The Mississippi River has a flood plain that is pretty good hiking when the river is low. I'm pretty sure the Arkansas, Missouri, Ohio are the same, but I've never traveled them. When the river is low I'm usually somewhere between Vicksburg, MS and Vidalia, LA. When hiking the floodplain, you're never more than five or ten miles from civilization, but It seems really remote.

Gun talk: Most survivalists own at least one .22. They are relatively quiet(You can even buy short and/or sub-sonic rounds). The bullets are really small (5 X 12-25 mm, depending on the round) so you can carry lots of them in a pocket.

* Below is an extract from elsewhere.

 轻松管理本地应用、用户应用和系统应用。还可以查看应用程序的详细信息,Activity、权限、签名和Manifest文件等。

The last deer I killed, back before I turned all Hippy n shit, I killed with a .22, 100 yards from my dads home, and he was at home but didn't even hear the shot. 

Survivalist mentality is that with a .22 You could stuff five hundred rounds in your jean pockets, successfully hunt small game with it, and use it to quietly bushwhack a commie intruder to acquire a more powerful rifle later. 

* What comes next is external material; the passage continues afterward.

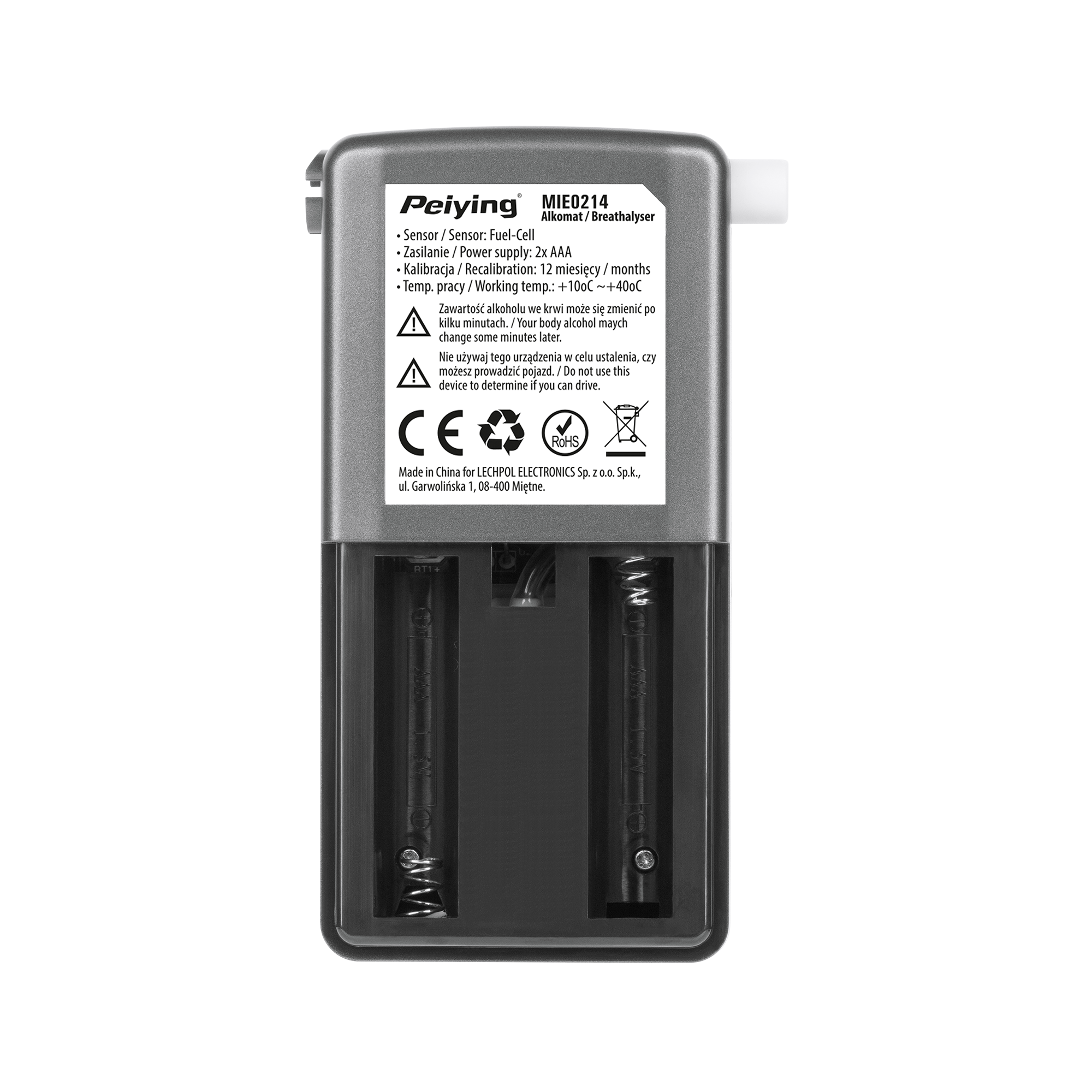 Nowej generacji sensor elektrochemiczny w alkomacie Peiying KT-571 w połączeniu szeroką funkcjonalnością gwarantują precyzyjny odczyt z dokładnością do 0,005%. Dodatkową zaletą urządzenia jest możliwość zmiany jednostek pomiarowych na %, ‰ lub mg/L oraz funkcja zapamiętywania ostatnich pięciu pomiarów.

They also have practically no recoil and you can find them in a really compact size. Look up the .22 caliber "cricket".


----------



## spoorprint

Look at the National Forests instead of the National Parks.
Less use and fewer rules.You can carry a gun in the states that permit it.
Drawback-you might run into a clear cut or some old oil wells.


----------



## Tao_of_Pi

To anyone that's interested, I know of a piece of rarely used private land that's located up in the Black Hills (South Dakota).

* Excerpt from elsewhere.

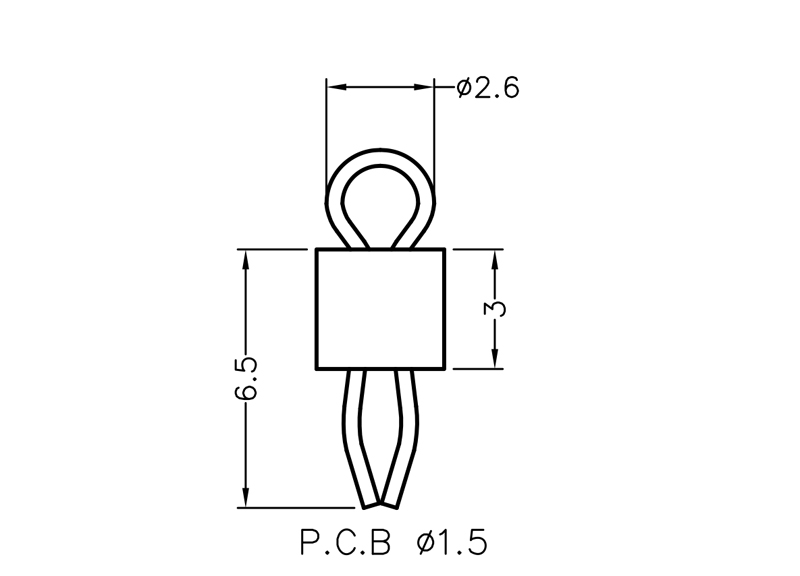 White Color-coded thru-hole Test Pin with snap-in mounting and heat-resistant base, suitable for wave or reflow soldering. Gold Plated Phosphor Bronze Wire. Housing UL-94V0 PBT Material. Fits a Ø1.5mm PCB hole.

It's of good size, and located just outside a small town called Custer. Once you get to Custer, there's a highway heading south out of town, if you take it for a few miles you'll eventually see a row of trailers on the east side of the road. The land is the wooded area directly east of these trailers. If you pass an industrial looking complex with fences, you've gone too far (it's a juvenile boot camp, a place my family knows FAR too well). From what I understand it's owned by some rich family out of Minneapolis, they only camp there for about a week during the 4th of July. Other than that it's completely left alone.

Anywhere in the Black Hills National forest is a great place to camp. Beautiful, very rugged, and thickly wooded, so it's fairly easy to hide out there and not be seen.


----------



## L.C.

my back yard is the foot of the ozarks. great views. just gotta watch the 'the good ol' boy "farmers". survival rifles-410 n 22 combo.i also have an 2 action 22 that brakes down and all componants fit into the stock, the combo brakes in half. cheap ? 410 granny gun. you can use different ammo instead of different cal. used to be under $100 new. now? but its good for birds to deer,and simpler is better.


----------



## scamp

My favorite place to camp out in the woods and eat fish is arkansas near the oklahoma border 
Its beautiful big waterfalls tons of bright blue springs and nobody fucks with you the cops acctually came and check on us once 
I would fish with a stick, string, hook and bugs and still catch fish 
plus theres great moonshine out there
ps. stay away from the hills (really)


----------